Who is Katherine Mathilda Swinton ? The entertainment and acting world knows her as Tilda Swinton. Swinton is a British actress known for both arthouse and mainstream films. She won the Academy Award for Best Supporting Actress for her performance in Michael Clayton.
Early life
Swinton was born 5 November 1960 in London, England.[1] Her father, Major-General Sir John Swinton, KCVO, OBE, DL, who was Lord Lieutenant of Berwickshire (1989–2000), is Scottish, and her mother, Judith Balfour, Lady Swinton (née Killen), was Australian.[2][3][4][5][6] The Swinton family is an ancient Anglo-Scots family that can trace its lineage to the High Middle Ages.[6]Swinton attended two independent schools, the West Heath Girls' School (the same class as Diana, Princess of Wales), and also Fettes College for a brief period.

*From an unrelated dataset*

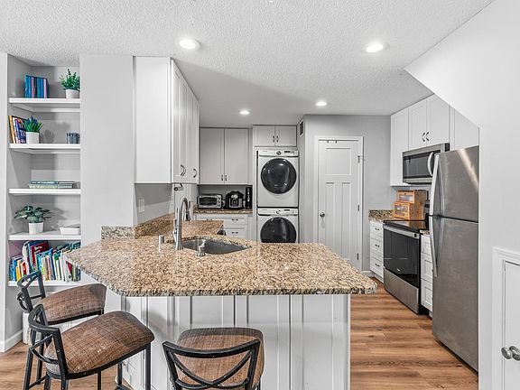 The stunning kitchen features custom white cabinetry, granite countertops, and sleek stainless steel appliances—perfect for cooking, hosting, and everyday living. The open-concept living area includes a gorgeous electric fireplace framed with built-in shelving, adding both style and warmth. Knockdown ceilings and recessed lighting run throughout the home, enhancing its clean, contemporary feel.

In 1983, she graduated from New Hall (now known as Murray Edwards College) at Cambridge with a degree in Social and Political Sciences. While at Cambridge she joined the Communist Party of Great Britain.[7] She has two Honorary Doctorates: one from Napier University in Edinburgh, received in August 2006 and one from the Royal Scottish Academy of Music and Drama (RSAMD) in Glasgow, received July 2006. She was a contributing editor to the literary magazine Zembla.
Career
Arthouse work
Swinton worked with the Traverse Theatre in Edinburgh, starring in Mann ist Mann by Manfred Karge,[8] and the Royal Shakespeare Company, before embarking on a career in film in the mid-1980s. She appeared as Julia in the 1986 television mini-series Zastrozzi: A Romance based on the Gothic novel by Percy Bysshe Shelley. Her early film work included several film roles for director Derek Jarman, notably War Requiem (1989) playing a nurse opposite Sir Laurence Olivier as an old soldier. In 1991, Swinton won the Volpi Cup Best Actress award for her role in the postmodern film Edward II. Swinton also played the title role in Orlando, Sally Potter's film version of the novel by Virginia Woolf.In 1995, with producer and friend Joanna Scanlan, Swinton developed a performance/installation live art piece in the Serpentine Gallery, London, where she was on display to the public for a week, asleep or apparently so, in a glass case, as a piece of performance art. The piece is sometimes credited to Cornelia Parker, whom Swinton invited to collaborate for the installation in London. The following year, the performance, entitled The Maybe, was repeated at the Museo Barracco in Rome. She also appeared in the music video for Orbital's "The Box". She has collaborated with the fashion designers Viktor & Rolf. She was the focus of their 'One Woman Show' 2003, in which they made all the models look like copies of Swinton, and she read a poem (of her own) that included the line, "There is only one you. Only one".[9]
Mainstream films
Recent years have seen Swinton move towards more mainstream projects, including the leading role in the American film The Deep End (2001), for which she was nominated for a Golden Globe Award. She appeared as a supporting character in films such as The Beach (2000), featuring Leonardo DiCaprio, Vanilla Sky (2001) with Tom Cruise and, as the archangel Gabriel in Constantine (2005) with Keanu Reeves. Swinton has also appeared in the British films The Statement (2003) and Young Adam (2003), and sat on the jury of the 2004 Cannes Film Festival.In 2007, Swinton's performance as Karen Crowder in Michael Clayton earned her both a BAFTA award for Best Supporting Actress as well as the Oscar for Best Performance by an Actress in a Supporting Role at the 2008 80th Academy Awards, the film's sole win.[10][11][12] Swinton next appeared in the 2008 Coen Brothers film, Burn After Reading. Swinton said of the film, in which she plays opposite George Clooney, "I don’t know if it will make anybody else laugh, but it really made us laugh while making it."[13] She was cast for the role of Elizabeth Abbott in The Curious Case of Benjamin Button, alongside Burn After Reading co-star Brad Pitt. She had a starring role as the irresponsible eponymous character in Erick Zonca's Julia, which premiered at the 2008 Berlin International Film Festival and later saw a limited U.S. release in May 2009. Several critics praised her performance and some claimed it should have won her an Academy Award.[14][15][16]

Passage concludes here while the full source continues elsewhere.